For the full benchmark data, see /check/deepseek-r1-distill-qwen-14b/rtx-3090.
Troubleshooting
Long <think> traces eat KV cache far faster than a regular chat model
The R1-distill family emits explicit chain-of-thought wrapped in <think>...</think> before answering. Single-question <think> blocks routinely run 2K–4K tokens (and on hard math/code problems, much longer), so your effective KV cache pressure is 5–10× a plain Q&A model at the same context-window setting. On a 24 GB card running Q4_K_M (~9 GB weights), you have ~15 GB free for KV + activations — plenty for 16K context with default fp16 KV. To push to 32K or 64K, quantize the KV cache (24 GB card required — this exceeds the recipe's documented 12 GB minimum):
# Requires RTX 3090 / 4090 / 5090-class 24 GB card; not for the 12 GB minimum tier.
llama-server -hf bartowski/DeepSeek-R1-Distill-Qwen-14B-GGUF:Q4_K_M \
--ctx-size 32768 \
--cache-type-k q8_0 \
--cache-type-v q8_0 \
--flash-attn \
--n-gpu-layers -1
The --cache-type-k/v q8_0 flags halve KV memory at no perceptible quality loss for reasoning workloads, and --flash-attn (FA2) further reduces activation memory — both supported on Ampere sm_86. If you start seeing OOM mid-generation, lower --ctx-size first before downgrading the quant.

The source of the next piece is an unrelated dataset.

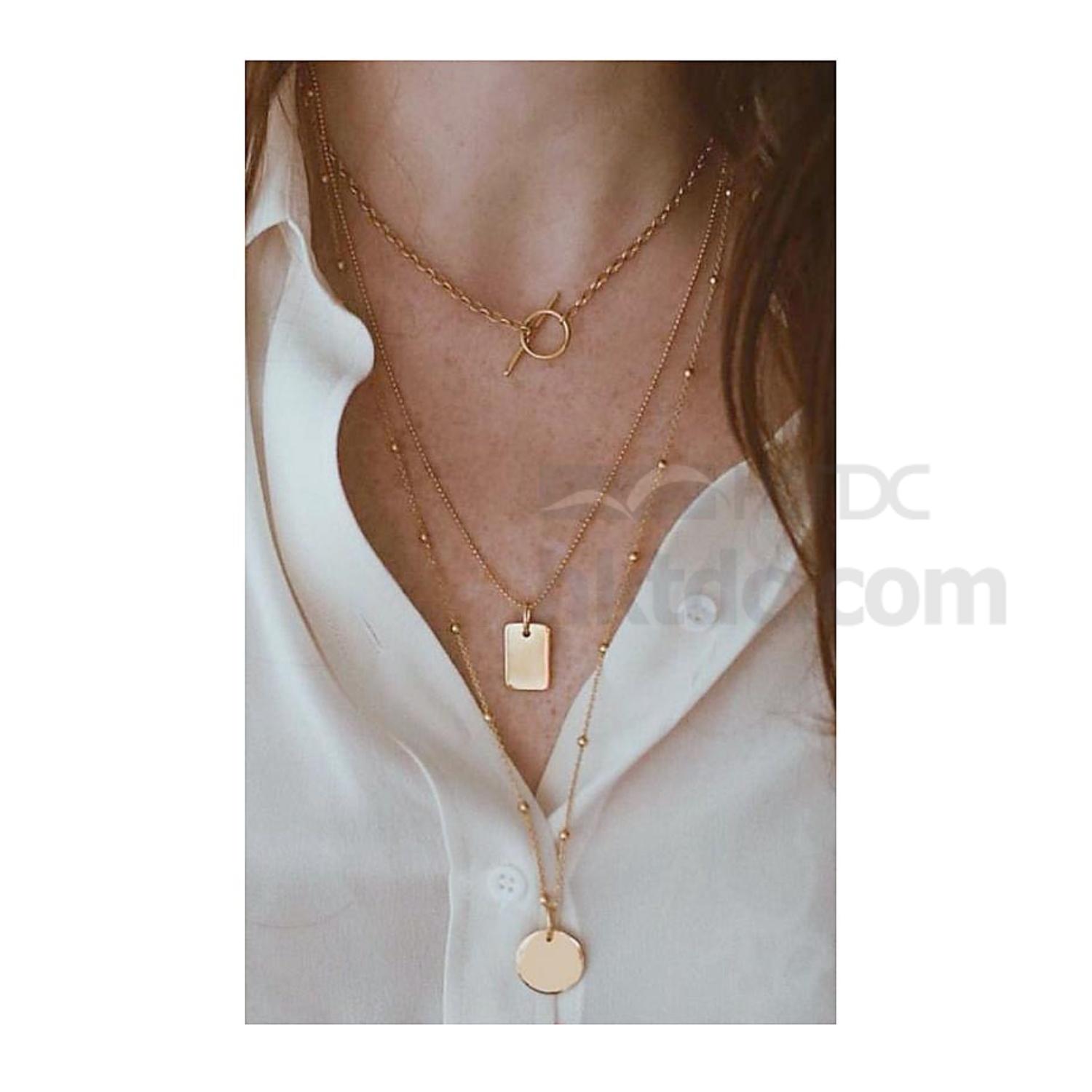 As shown is an elegant trendy necklace with multiple strands each highlighted by metallic accessories.

Model produces empty <think> blocks or skips reasoning
Per the official model card: "To ensure that the model engages in thorough reasoning, we recommend enforcing the model to initiate its response with <think>\n at the beginning of every output." If your chat client/template strips the leading <think>\n, the model may bypass reasoning entirely. Ollama's built-in template handles this correctly; if you're using llama-cpp-python or transformers directly, set the assistant message prefix to <think>\n explicitly.

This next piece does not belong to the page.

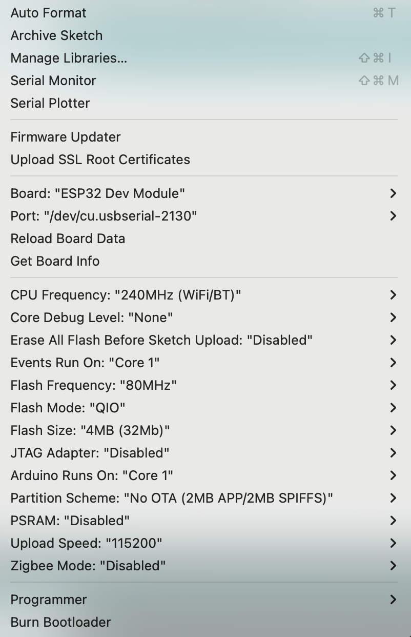 이대로 컴파일을 하면된다. ESP-WROOM-32 사용할 때는 Tools 에서 아래와 같은 설정으로 업로드하였다.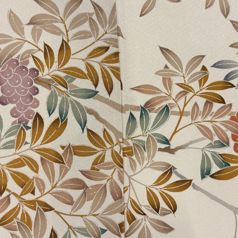 【着物ランク】秀品 【素材】正絹 【身丈】約162cm 【裄丈】約66.5cm 【袖丈】約52cm 【袖幅】約33cm 【前幅】約23.5cm 【後幅】約30cm 【サイズ】M 【着物仕立て】袷 【着用時期】10~5月 【状態ランク】ランクB 【着物着用シーン】披露宴、パーティー、お見合い、式典、茶会

Adding a system prompt degrades responses
Same model card: "Avoid adding a system prompt; all instructions should be contained within the user prompt." This is unusual versus most chat-tuned models. If you're routing through a wrapper (LangChain, LiteLLM, etc.) that auto-injects a default system message, disable it for this model.

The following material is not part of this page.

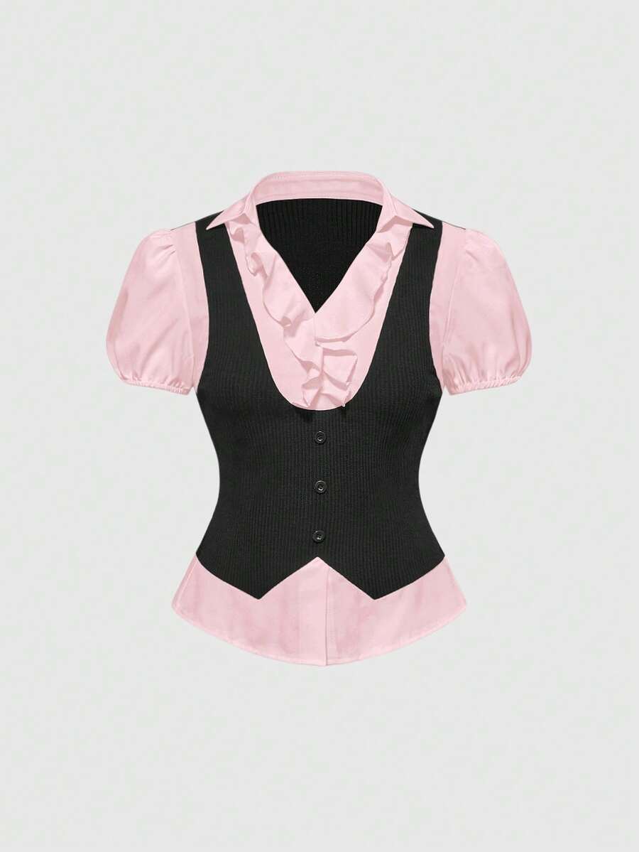 Vintage Gothic College Stil 2 in 1 Damen Top

Chat-class tok/s numbers over-estimate reasoning throughput
The ~35-40 tok/s figure measures raw token emission rate. Because most of the output is <think> content the user ultimately discards, effective "answer tokens per second" is typically 30-50% lower. If you're benchmarking against a chat-tuned model, compare end-to-end answer latency rather than raw tok/s — DeepSeek-R1-distill spends most of its output budget on the reasoning trace.
License clarification
The model is released under the MIT License — commercial use, redistribution, and derivative works (including further distillation) are permitted. Note that the base Qwen2.5-14B it's distilled from is Apache 2.0; the distilled weights inherit MIT terms per the DeepSeek-R1 repository.